GIVEN DATA:
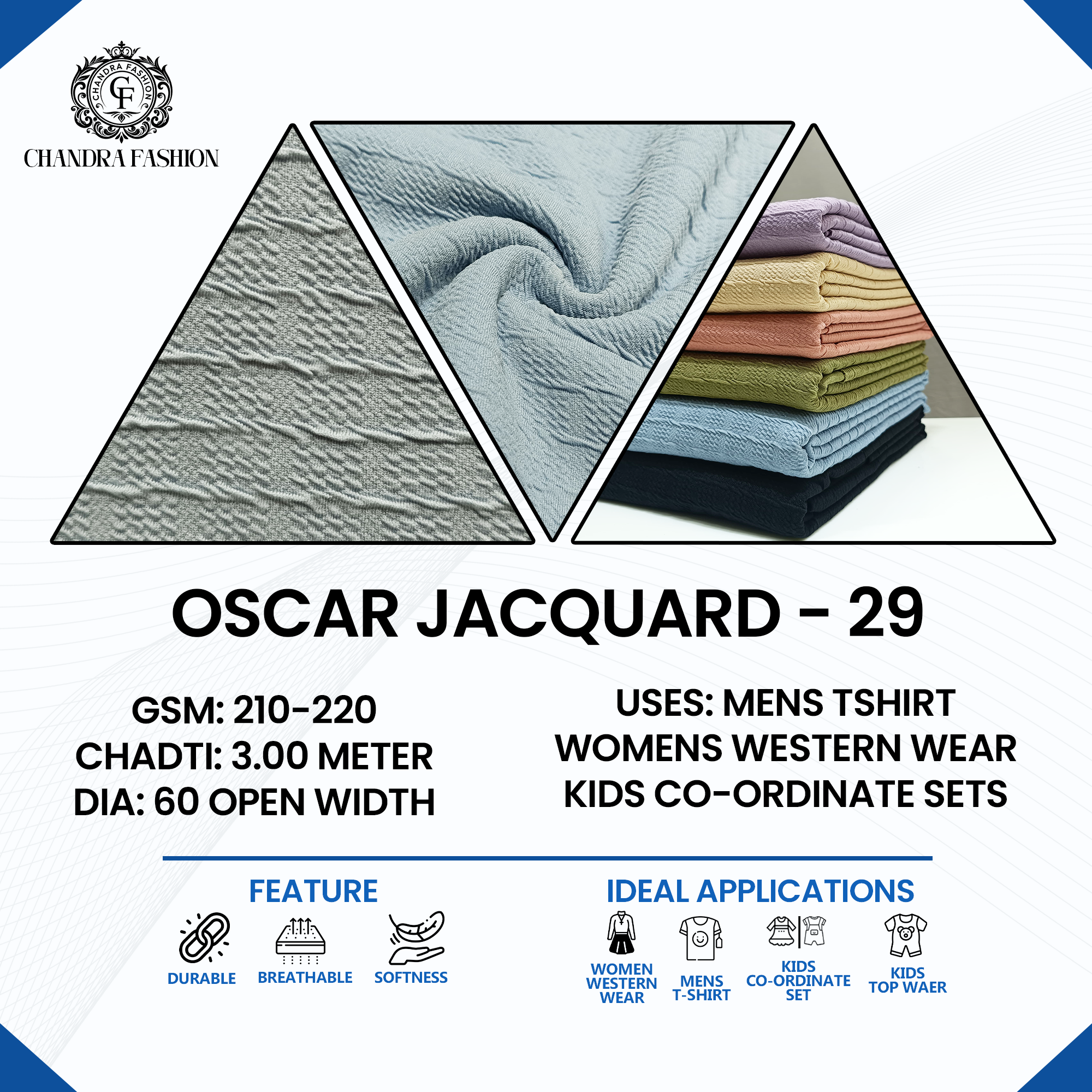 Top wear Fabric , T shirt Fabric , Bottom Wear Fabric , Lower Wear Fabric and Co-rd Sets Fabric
--
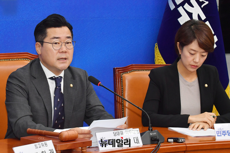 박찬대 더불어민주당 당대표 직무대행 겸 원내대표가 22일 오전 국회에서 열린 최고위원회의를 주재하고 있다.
* * *
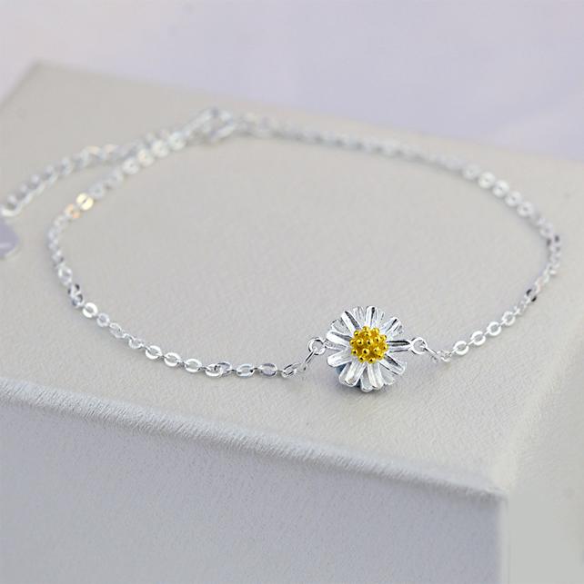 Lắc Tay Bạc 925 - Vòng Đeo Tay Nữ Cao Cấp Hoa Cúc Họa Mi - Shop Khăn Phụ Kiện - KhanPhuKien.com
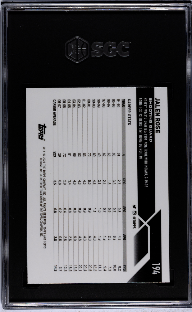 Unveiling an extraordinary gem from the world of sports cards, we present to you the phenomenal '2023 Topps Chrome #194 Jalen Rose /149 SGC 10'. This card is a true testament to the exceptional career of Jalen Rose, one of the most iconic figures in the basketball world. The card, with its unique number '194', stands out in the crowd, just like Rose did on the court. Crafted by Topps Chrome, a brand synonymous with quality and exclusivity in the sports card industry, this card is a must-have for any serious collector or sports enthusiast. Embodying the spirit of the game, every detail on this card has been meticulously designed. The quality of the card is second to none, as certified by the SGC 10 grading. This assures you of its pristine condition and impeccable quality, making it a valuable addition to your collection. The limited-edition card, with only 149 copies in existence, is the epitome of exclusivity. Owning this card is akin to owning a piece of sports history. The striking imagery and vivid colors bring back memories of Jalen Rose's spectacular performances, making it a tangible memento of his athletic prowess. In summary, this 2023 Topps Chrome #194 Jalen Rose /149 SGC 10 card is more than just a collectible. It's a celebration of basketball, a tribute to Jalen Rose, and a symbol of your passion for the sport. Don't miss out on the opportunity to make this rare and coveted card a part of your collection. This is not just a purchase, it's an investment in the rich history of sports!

ASSIGNED TASK: Although pictures appear among the entries, please set down only the lines from the one with "Lắc Tay Bạc" up to and including the one with "Unveiling an extraordinary", word for word.

COMPLETED EXERCISE:
 Lắc Tay Bạc 925 - Vòng Đeo Tay Nữ Cao Cấp Hoa Cúc Họa Mi - Shop Khăn Phụ Kiện - KhanPhuKien.com
 Unveiling an extraordinary gem from the world of sports cards, we present to you the phenomenal '2023 Topps Chrome #194 Jalen Rose /149 SGC 10'. This card is a true testament to the exceptional career of Jalen Rose, one of the most iconic figures in the basketball world. The card, with its unique number '194', stands out in the crowd, just like Rose did on the court. Crafted by Topps Chrome, a brand synonymous with quality and exclusivity in the sports card industry, this card is a must-have for any serious collector or sports enthusiast. Embodying the spirit of the game, every detail on this card has been meticulously designed. The quality of the card is second to none, as certified by the SGC 10 grading. This assures you of its pristine condition and impeccable quality, making it a valuable addition to your collection. The limited-edition card, with only 149 copies in existence, is the epitome of exclusivity. Owning this card is akin to owning a piece of sports history. The striking imagery and vivid colors bring back memories of Jalen Rose's spectacular performances, making it a tangible memento of his athletic prowess. In summary, this 2023 Topps Chrome #194 Jalen Rose /149 SGC 10 card is more than just a collectible. It's a celebration of basketball, a tribute to Jalen Rose, and a symbol of your passion for the sport. Don't miss out on the opportunity to make this rare and coveted card a part of your collection. This is not just a purchase, it's an investment in the rich history of sports!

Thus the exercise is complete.